Нескучный сад | Александр Кравченко | 28.02.2006 |
— Как вы оказались в сербских войсках?
— Мне всегда были близки идеи общеславянского единства. И всё, что происходило в Сербии в начале 90-х, меня очень глубоко волновало. А как раз накануне начала боснийских событий я отслужил срочную службу в армии — 1990−1992 годы. Сам я уроженец Казахстана, из Караганды, и после армии активно принимал участие в организации там казаческого движения. По казачьим каналам я и узнал о том, что есть такая возможность — поехать добровольцем в Боснию, и почти сразу, особо не раздумывая, принял решение ехать.
— А как была организована отправка в Сербию?
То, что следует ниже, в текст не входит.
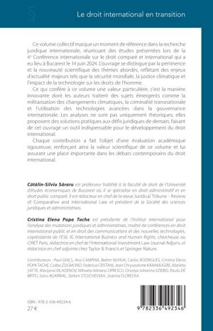 Ce volume collectif marque un moment de référence dans la recherche juridique internationale, réunissant des études présentées lors de la 4e Conférence internationale sur le droit comparé et international qui a eu lieu à Bucarest le 14 juin 2024. L'ouvrage se distingue par la pertinence et la nouveauté scientifique des thèmes abordés, reflétant des enjeux d'actualité majeurs tels que la sécurité mondiale, la justice climatique et l'impact de la technologie sur les droits de l'homme. Ce qui confère à ce volume une valeur particulière, c'est la manière innovante dont les auteurs traitent des sujets émergents comme la militarisation des changements climatiques, la criminalité transnationale et l'utilisation des technologies avancées dans la gouvernance internationale. Les analyses ne sont pas uniquement théoriques, elles proposent des solutions pratiques aux défis juridiques de demain, faisant de cet ouvrage un outil indispensable pour le développement du droit international.

— Поначалу сербы не хотели брать добровольцев, но в какой-то момент, когда кольцо блокады вокруг Боснии стало усиливаться, им потребовалась не только военная, но и моральная поддержка. А русские им изначально предлагали добровольцев, было много желающих: тогда как раз война в Приднестровье закончилась. И они приняли решение пригласить русских добровольцев. Выделили средства для того, чтобы организовать приезд добровольцев и их размещение. Средства эти были сугубо частные, не государственные. Сначала было решено создать небольшие отряды в разных городах на востоке Боснии, которые бы подняли дух сербов, показывая им, что они не одни. Потом, когда эти первые группы себя очень хорошо зарекомендовали в боевых действиях, сербы приняли решение создать более крупные отряды.
— Вам платили жалование?
— Платить платили, но это очень маленькие деньги — в разное время по-разному, но где-то около 50 немецких марок в месяц. Тогда это была обычная зарплата сербского солдата. Но в отличие от сербских солдат мы имели возможность в любой момент уехать домой. По первой же просьбе без вопросов покупался билет. Если ты говорил: «я вернусь» — тебе давали деньги ещё и на обратный путь. Еще давали деньги за ранения, а также за подбитых противников — за них платили по тысяче марок. Конечно, среди нас были люди, приезжавшие заработать, но их были единицы, а для остальных вопрос о зарабатывании денег не стоял.
— В таком случае, какая у вас была мотивация?
— Мотивация была чисто идейная.
— Когда вы приехали в Боснию, там уже были русские?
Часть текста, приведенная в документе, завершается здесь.